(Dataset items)
▼
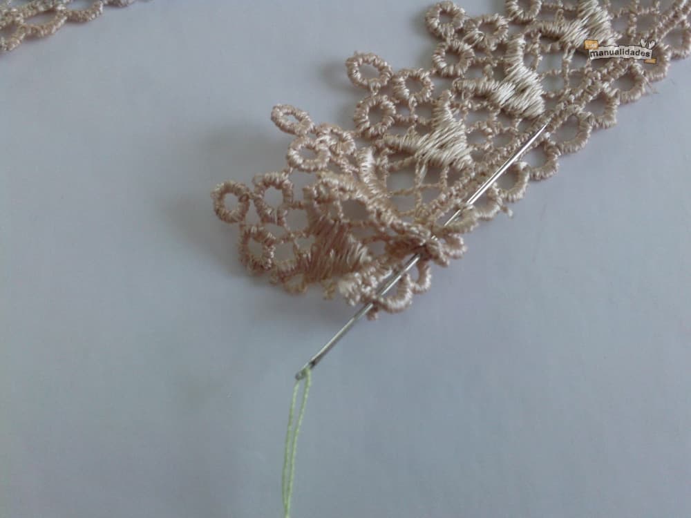 Pasamos la aguja con el hilo por la base del encaje y fruncimos.
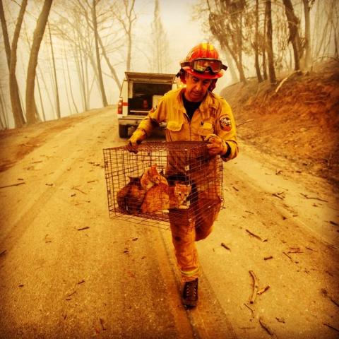 Fire Captain Millosovich carried a cage of kittens out of harms way. He told AP Photgrapher Noah Berger that the cage fell from the bed of a pick-up truck as an evacuee drove to safety during the Paradise Fire in Northern CA in 2018.  A few of the kittens are orange like me. I'm not only the oldest cat in our house but I'm the only ORANGE cat in our house.
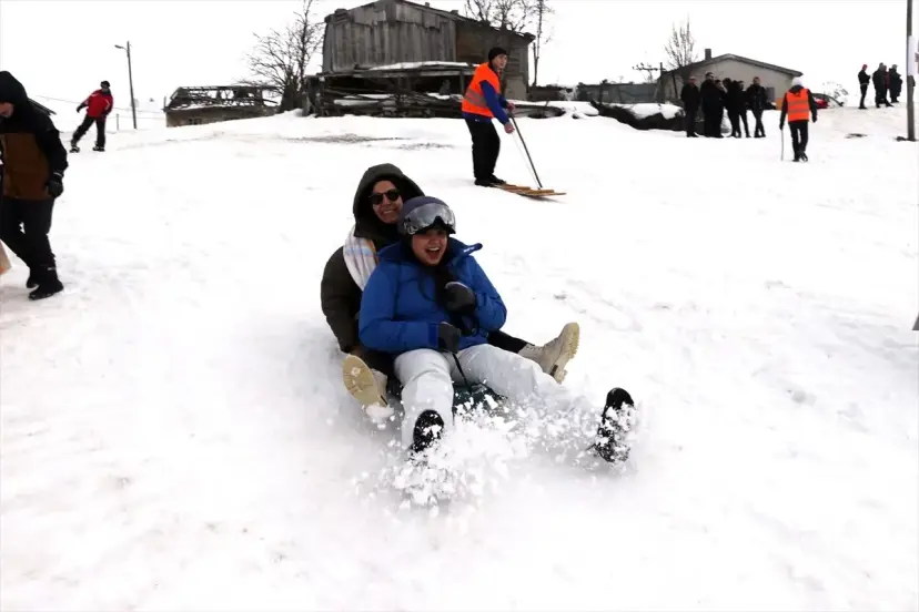 Yaylaya gelen ziyaretçilerin horon oynayarak eğlendiği şenlikte, bazı vatandaşlar da naylon poşetler ve kayak malzemeleriyle kaymaya çalıştı.
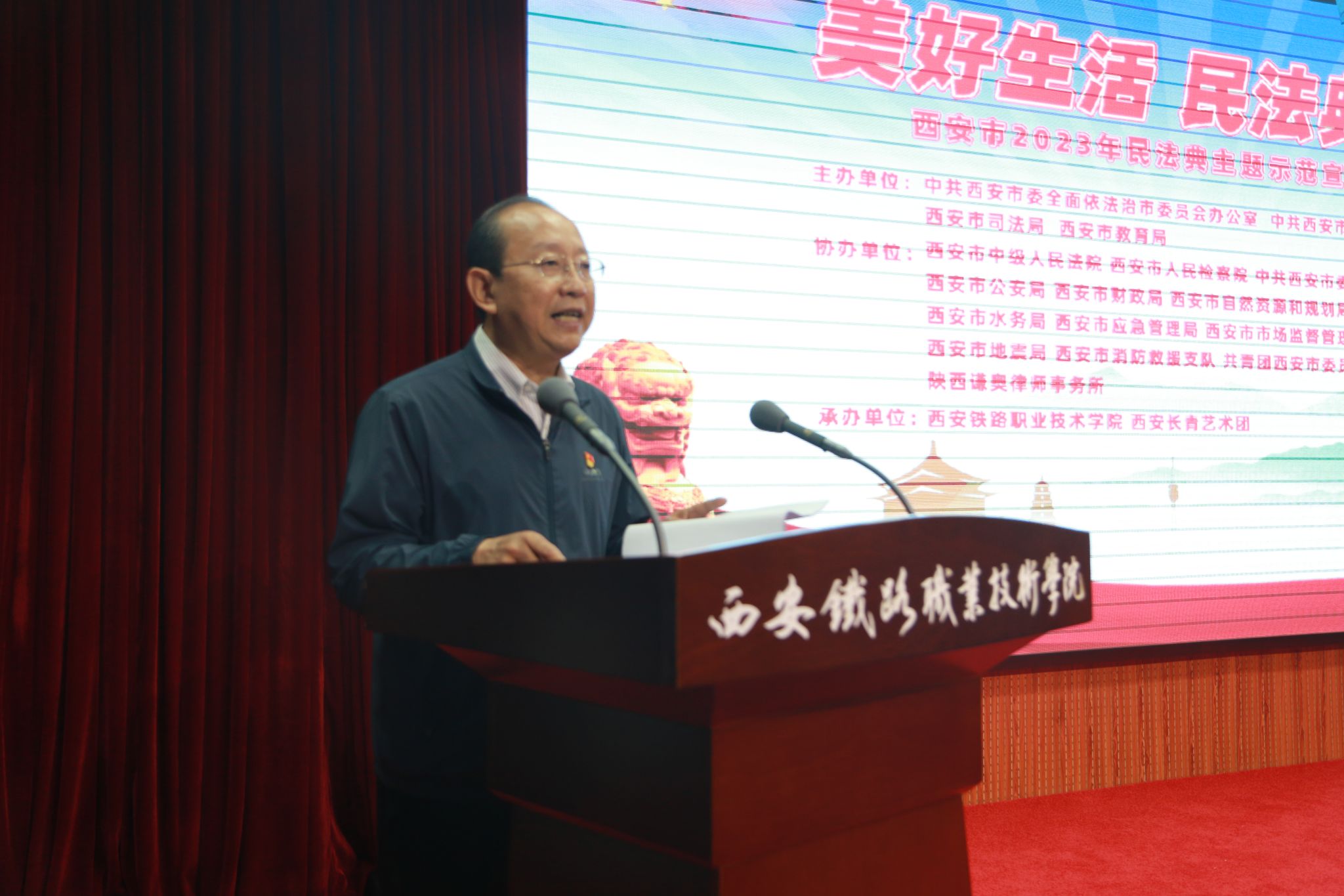 活动由市教育局副局长王纲主持。任治军致欢迎辞,表示学院将加大宣传教育力度,提高普法教育水平,强化师生法制观念,培养法治思维,塑造法治精神,争做尊法学法守法用法的积极践行者,为助力美丽西安建设做出自己的积极贡献。杨丽萍向学生赠送民法典学习资料。张兴平强调开展民法典学习宣传活动是深入学习贯彻党的二十大精神,全面贯彻落实习近平法治思想,进一步推进高校法治建设的具体举措,也是推进更高水平法治西安建设的生动实践,要充分认识民法典颁布实施的重要意义,不断提升民法典宣传教育工作水平,切实加强对高校法治建设的组织领导。
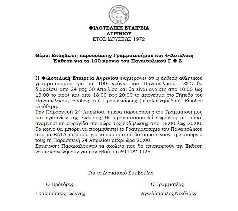 - Έκθεση Αθλητικού Γραμματοσήμου “100 Χρόνια Παναιτωλικός Γ.Φ.Σ.”
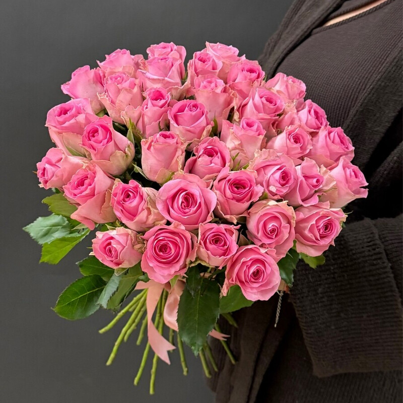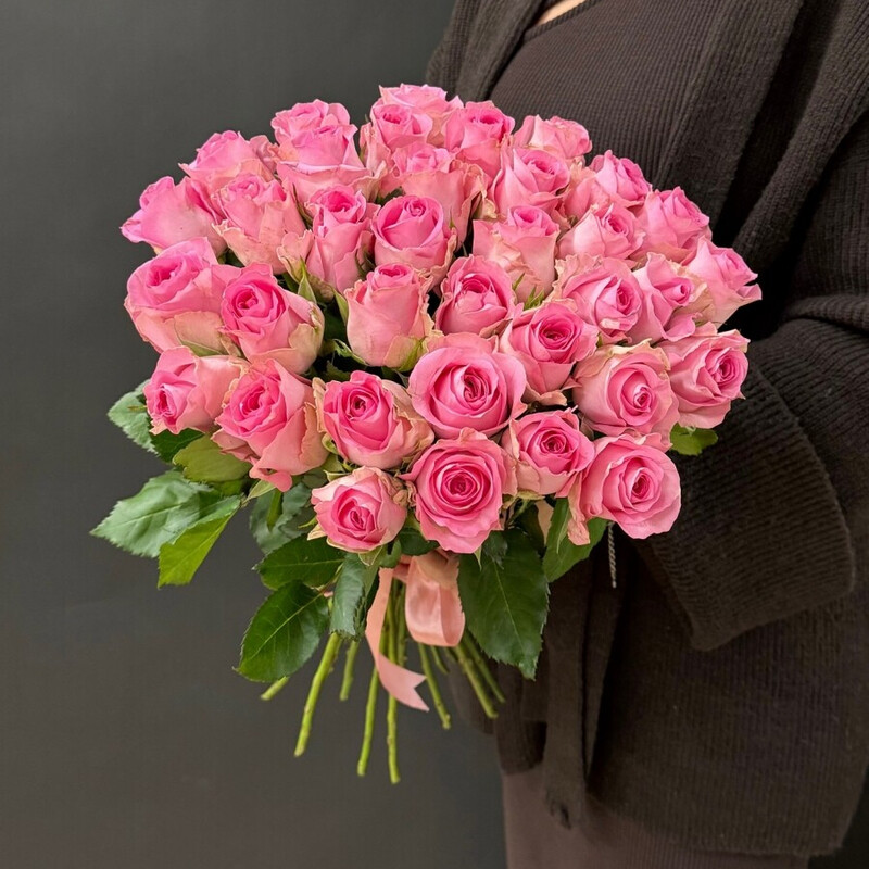 - 35 ярко-розовых роз под ленту
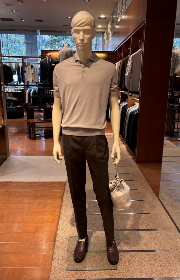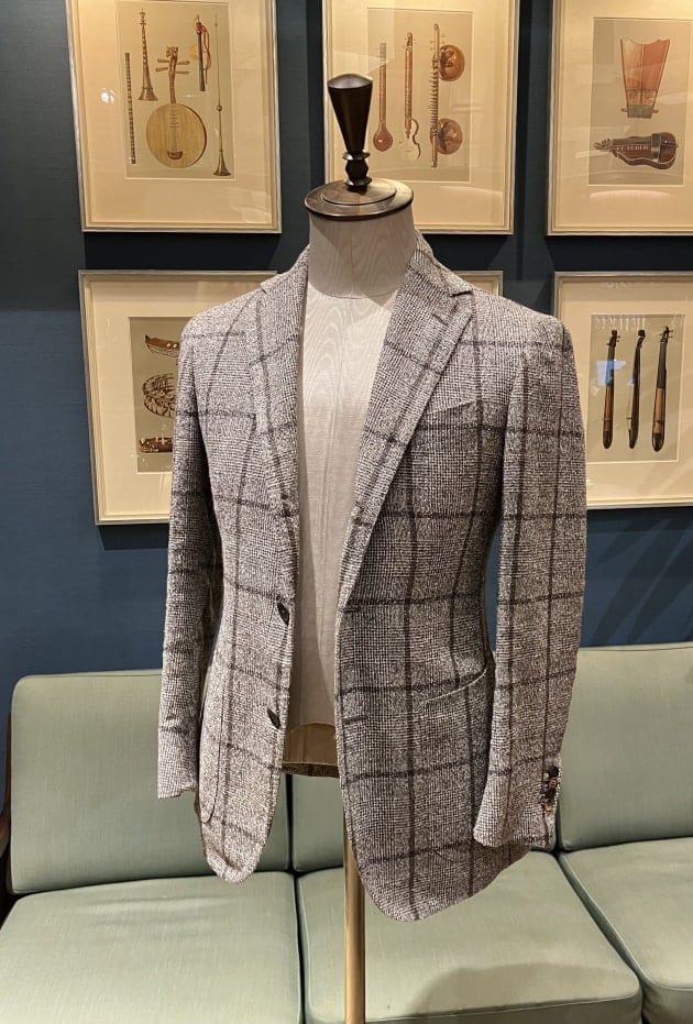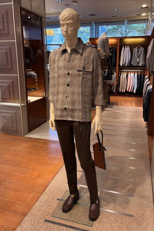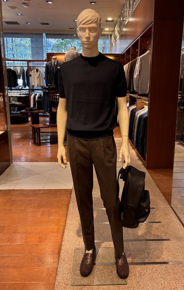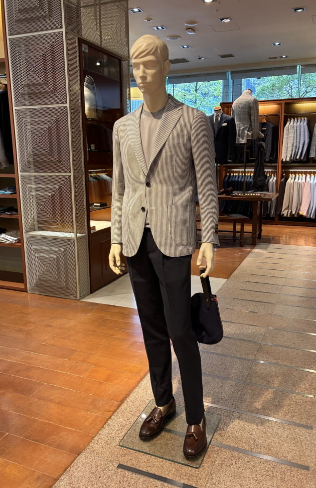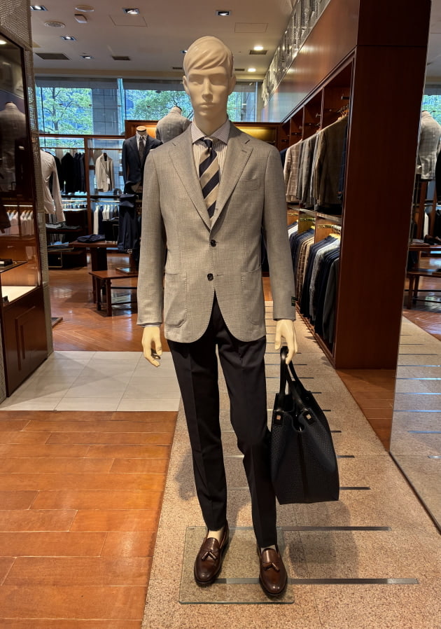 こちらは店内のディスプレイで使用していた上半身をそのまま流用しました。ディスプレイはウールのグレースラックスでしたが、爽やかな色柄のジャケットにはコットンのネイビースラックスも良いと思います。
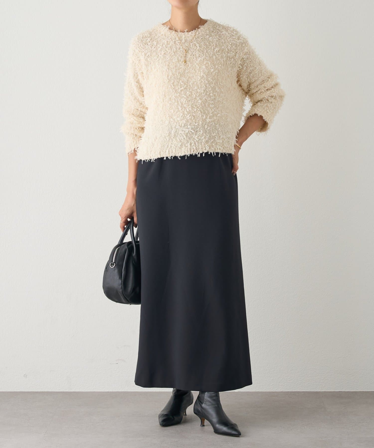 シンプルなパンツやスカートに合わせるだけで、やわらかな存在感を放つ一枚です。
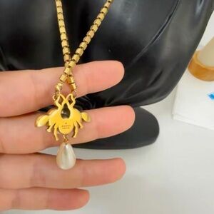 Chic Gucci necklace with a gold bee pendant. Features a pearl drop and sparkling stones on the chain.
▲
- _Exercise description_
Write out again the lines from the one with "Yaylaya gelen ziyaretçilerin" through the end of the records exactly, without any of the pictures.

- _Finished task_
 Yaylaya gelen ziyaretçilerin horon oynayarak eğlendiği şenlikte, bazı vatandaşlar da naylon poşetler ve kayak malzemeleriyle kaymaya çalıştı.
 活动由市教育局副局长王纲主持。任治军致欢迎辞,表示学院将加大宣传教育力度,提高普法教育水平,强化师生法制观念,培养法治思维,塑造法治精神,争做尊法学法守法用法的积极践行者,为助力美丽西安建设做出自己的积极贡献。杨丽萍向学生赠送民法典学习资料。张兴平强调开展民法典学习宣传活动是深入学习贯彻党的二十大精神,全面贯彻落实习近平法治思想,进一步推进高校法治建设的具体举措,也是推进更高水平法治西安建设的生动实践,要充分认识民法典颁布实施的重要意义,不断提升民法典宣传教育工作水平,切实加强对高校法治建设的组织领导。
 - Έκθεση Αθλητικού Γραμματοσήμου “100 Χρόνια Παναιτωλικός Γ.Φ.Σ.”
 - 35 ярко-розовых роз под ленту
 こちらは店内のディスプレイで使用していた上半身をそのまま流用しました。ディスプレイはウールのグレースラックスでしたが、爽やかな色柄のジャケットにはコットンのネイビースラックスも良いと思います。
 シンプルなパンツやスカートに合わせるだけで、やわらかな存在感を放つ一枚です。
 Chic Gucci necklace with a gold bee pendant. Features a pearl drop and sparkling stones on the chain.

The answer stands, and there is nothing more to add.